Accused gunman Brenton Tarrant at an earlier court appearance. Photo: Getty Images

The broken-hearted gathered in the broken city and were broken again. Not that they showed it.

In court room 12, on the third floor of Christchurch’s justice precinct, lawyer Shane Tait confirmed today that his client, Brenton Tarrant, the alleged mosque shooter, would plead not guilty. Not guilty of 51 murders, 40 counts of attempted murder, and one charge of engaging in a terrorist act.

The signs were there last week. On Thursday of last week, Justice Cameron Mander sent out a minute saying the alleged shooter, an Australian who had been living in Dunedin until the March 15 attack, was expected to plead. That was a sign that mental health assessments had found him fit to plead, instruct counsel, and stand trial. And so it was.

The victims and their families – one man on a crutch and another in a wheelchair, dressed mainly in the dark hues of winter clothes – took the news stoically. There were no audible gasp, no screams of anguish. But the hard stares of people who, you would think, knew this day was coming.

Beyond their physical and mental suffering, they now have the pain of having to endure a trial. That trial will likely start on May 4 next year, Mander says, and take six weeks, if the Crown lawyer, Mark Zarifeh is to be believed, or much longer, if Tait’s assessment is right. The public should know more after September 20, when the Crown is expected to file its formal case, including witness statements. (The accused’s next appearance is August 15.)

When Mander summed up today few of the public gallery watched him. Instead their stares were fixed on the screens, on which the image of the sometimes-grinning terrorist accused beamed from prison in Auckland. 

This incredible group of people have already shown their bravery. Like Abdul Aziz, who attended today’s hearing, who confronted the gunman at the Linwood Islamic Centre with a credit card machine, and even picked up an abandoned gun. Or Husna Ahmed who died at the Al Noor Mosque, trying to shield her wheelchair-bound husband, Farid Ahmed. Or Ahmed himself for forgiving the gunman, and saying so at a national memorial service.
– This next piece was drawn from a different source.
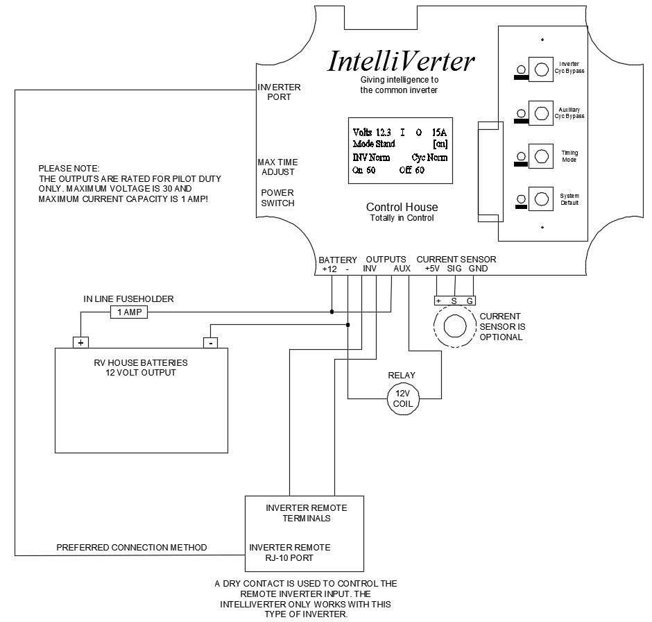 There is a 9 position removable terminal block on the bottom of the IntelliVerter. Each of these 9 pins are identified by the legend printed on the IntelliVerter faceplate as shown above. Please be sure to install an in-line fueseholder with a 1 amp fuse to protect the wiring to the IntelliVerter.

Their reserves of strength seem to know no bounds. 

Gone is the warmth of March. Not just the temperature, as the cold of autumn and winter strips leaves from deciduous trees, but also the warmth of crowds gathered in parks after the attacks listening to the call to prayer and pleas for unity, the grass verges awash with flowers.

Gone are those edifying scenes from the weeks following the days and weeks after March 15. Today’s scene played out in a monolithic edifice, the Christchurch justice precinct, with cameras and journalists swarming at the entrance, the clag of low cloud and rain closing in.
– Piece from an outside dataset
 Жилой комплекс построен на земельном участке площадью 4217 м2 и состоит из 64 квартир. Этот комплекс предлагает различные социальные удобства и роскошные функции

The justice building is a phoenix of the 2011 earthquake. At a cost of hundreds of millions of dollars, it opened six years after the quake that killed 185 people in the South Island’s biggest city. 
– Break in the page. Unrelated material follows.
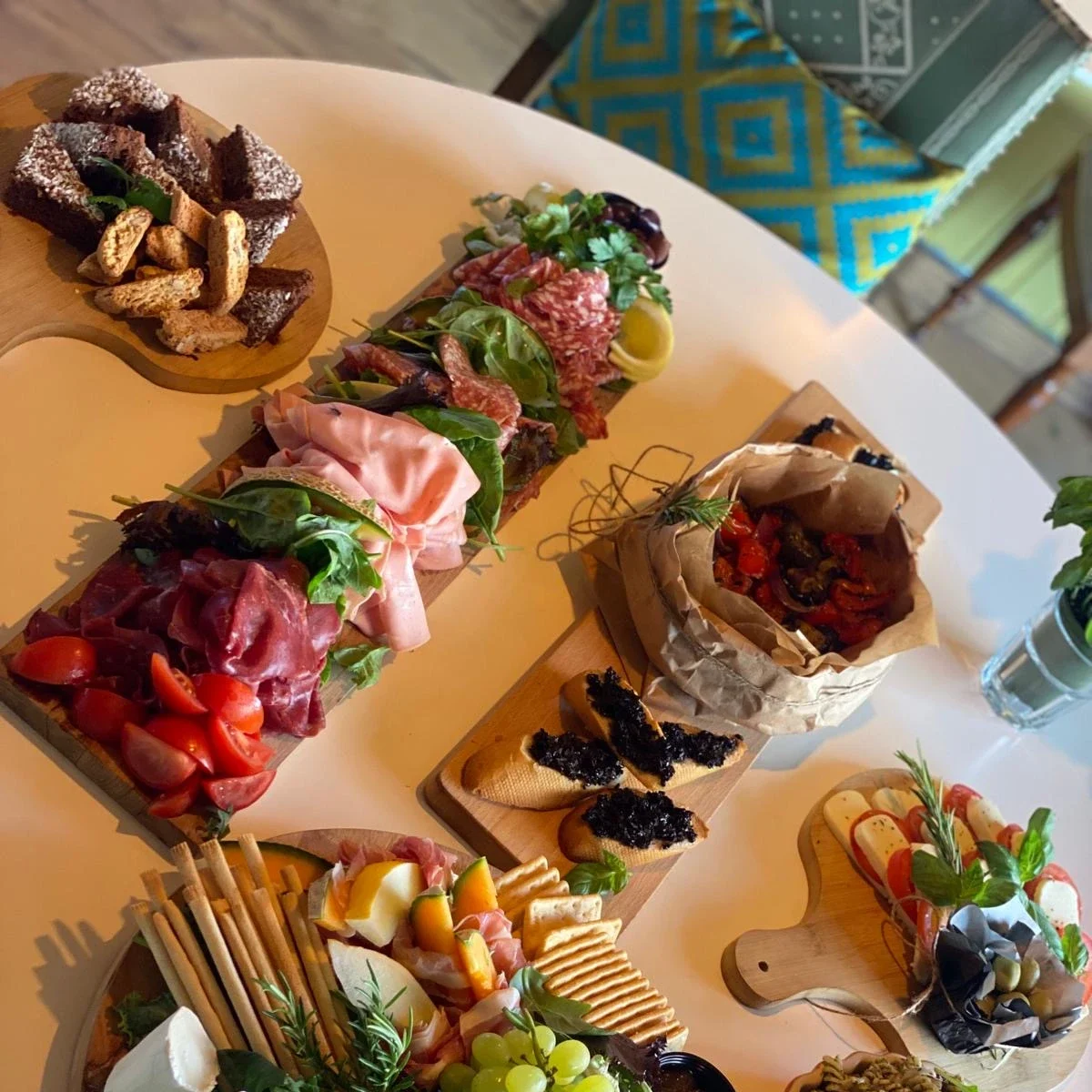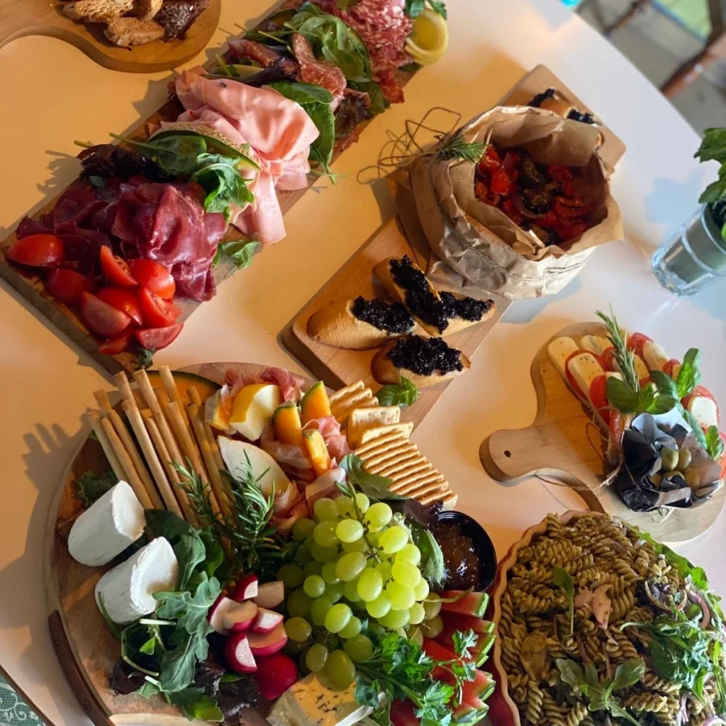 Parmaskinka, Melon, Mortadella, Marinerade oliver, Soltorkade tomater, caprese sallad /tomat, mozarella, basilika, pesto/, cambozola, valnötter, vindruvor, inlagda grönsaker / zucchini, kronärtskocka etc. Pastasallad med ruccola, nybakad ciabata oliv, mandelskorpar, chokladbit

It’s only a stone’s throw from the national earthquake memorial, on the south bank of the slow-moving Avon River. The memorial is a long, curved stone wall designed by a Slovenian architect, with the names of the victims inscribed on panels – a representation of a city’s previous, but quite recent, suffering. The trauma of that terrible day was shared across the world as many of those who died in the collapsed CTV building, which housed a language school and medical centre, were born overseas. 

Similarly, the victims of the terrorist attack – who were praying as the shots fired – were originally from far beyond; places like Syria, Somalia, Pakistan, India, Malaysia, Indonesia, Turkey, Afghanistan and Bangladesh. Many fled danger in search of safety, only to have that shattered in March.

Christchurch’s justice building is cleverly designed. Panels of bronze aluminium, stone and timber fixed at angles to let light flood into the public spaces of the heavily glazed building. 

It’s also a place of shadow, where the worst of humanity is displayed. Not just criminal mistakes, but, allegedly, clinical mass-murder. 

Far below the courtroom, an underground aquifer flows. In summer the water is cooler than air, in winter it is warmer than air. Right now, water is extracted and pumped, through heat exchangers, around the justice precinct, allowing the buildings to gain heat from the water.

The heat of public gatherings, messages of togetherness, and spontaeous haka and hugs, have no doubt warmed the victims of this callous attack. But in court 12, surrounded by the greys and browns of the court room, and a not guilty plea, it’s hard to feel.